### About this exercise
Once you reach the line with "Le gâteau, en" below, copy each line exactly, stopping after the line with "ecl016 リトアニア Lauraの手仕事", and skip any pictures.

[Data excerpts]
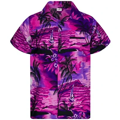 King Kameha Men's Surf Shirt Short Sleeve Casual Button Down Hawaii Vacation, Surf, Pink Purple, M
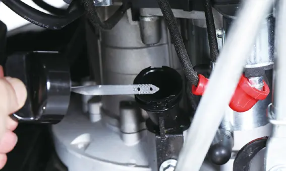 • 給油時、燃料タンクの給油口ギリギリまで給油しないでください。温度上昇によって燃料が膨張し、漏れることがあります。
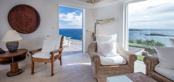 Caramba is a located in Pointe Milou. Overlooking the cliff, it is a luminous and breezy villa. This villa has a breathtaking ocean view from the outside terrace, the living, the opened kitchen and the two bedrooms.
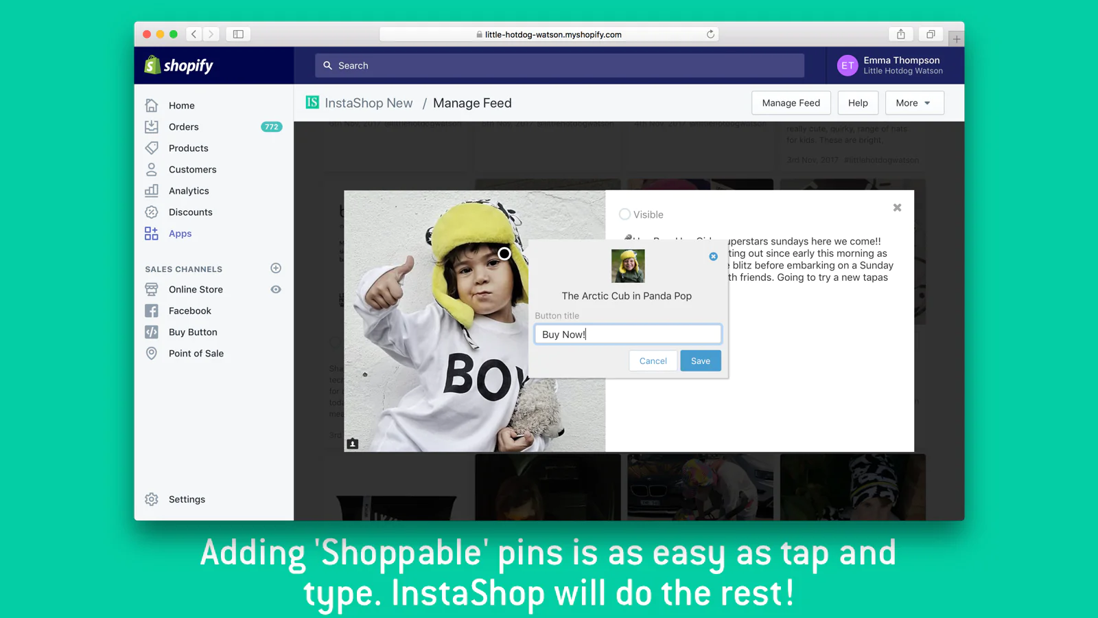 *InstaShop keeps customers in your store, FOCUSED on making a PURCHASE. *Bring SHOPPABLE Instagram galleries to your shop. *ENHANCE Instagram pictures with ‘click to buy’ pins *Pins link customers to PRODUCTS in your store. *EASY to setup and effortless to use,
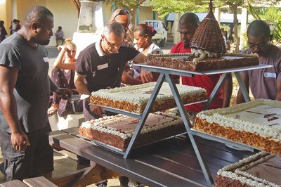 Le gâteau, en cinq parties, et surmonté d’une case tuilée en chocolat, était splendide. Il avait été préparé par l’équipe de cuisine.
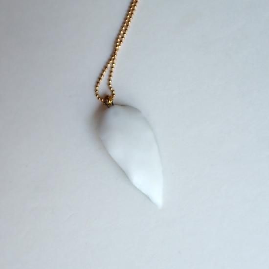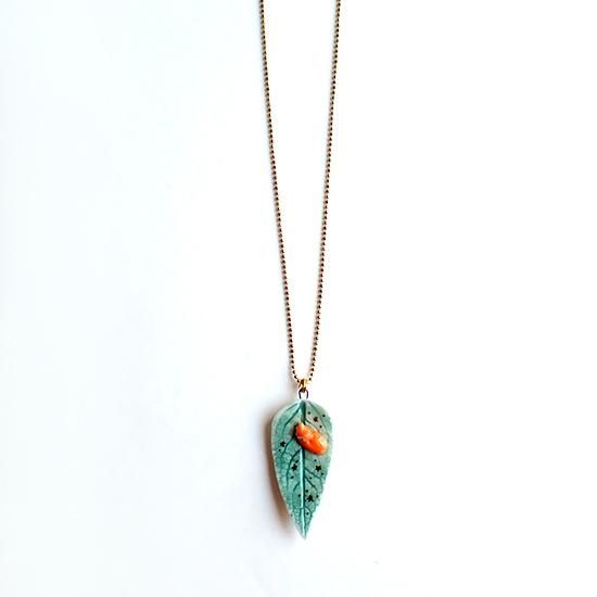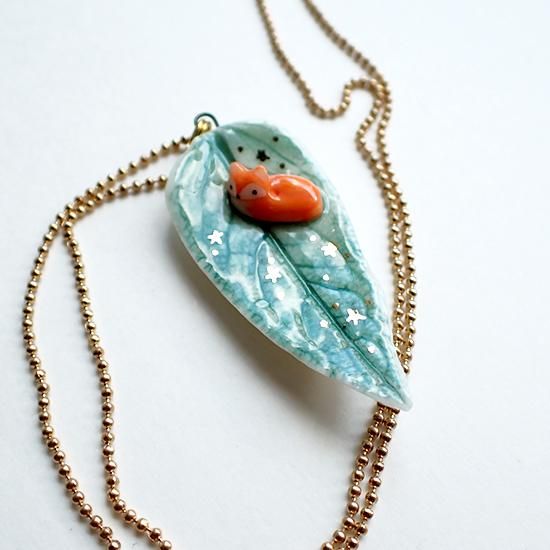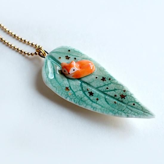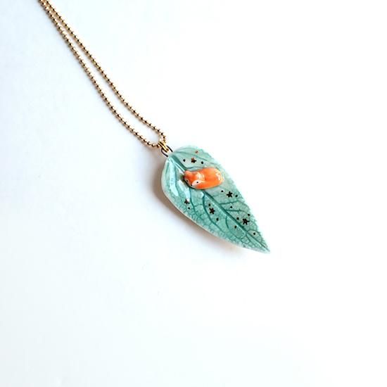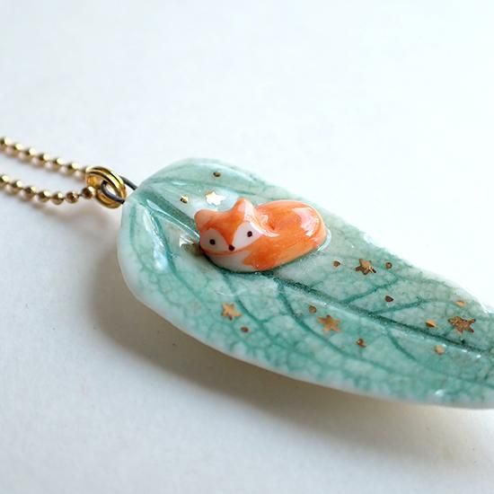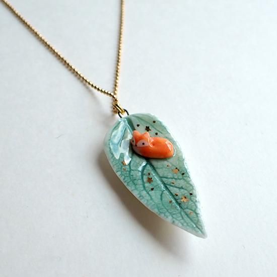 ecl016 リトアニア Lauraの手仕事 磁器のネックレス 葉っぱの上にちょこんとたたずむ小さなキツネ
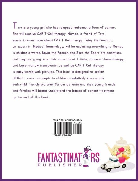 Toto is a young girl who has relapsed leukemia, a form of cancer. She will receive CAR T-Cell therapy. Mumoo, a friend of Toto, wants to know more about CAR T-Cell therapy. Petey the Peacock, an expert in Medical Terminology, will be explaining everything to Mumoo in children’s words. Rover the Racoon and Zozo the Zebra are scientists, and they are going to explain more about T-Cells, cancers, chemotherapy, and bone marrow transplants, as well as CAR T-Cell therapy in easy words with pictures. This book is designed to explain difficult cancer concepts to children in relatively easy words with child-friendly pictures. Cancer patients and their young friends and families will better understand the basics of cancer treatment by the end of this book.
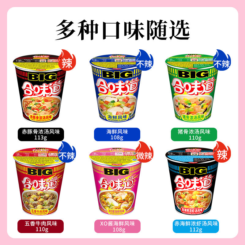 日清合味道大杯big杯合味道杯面整箱海鲜豚骨XO酱虾仁方便面泡面
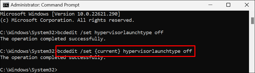 Collez bcdedit/set {current} hypervisorlaunchtype off dans la console d’invite de commande et appuyez sur Entrée.

### Worked solution
 Le gâteau, en cinq parties, et surmonté d’une case tuilée en chocolat, était splendide. Il avait été préparé par l’équipe de cuisine.
 ecl016 リトアニア Lauraの手仕事 磁器のネックレス 葉っぱの上にちょこんとたたずむ小さなキツネ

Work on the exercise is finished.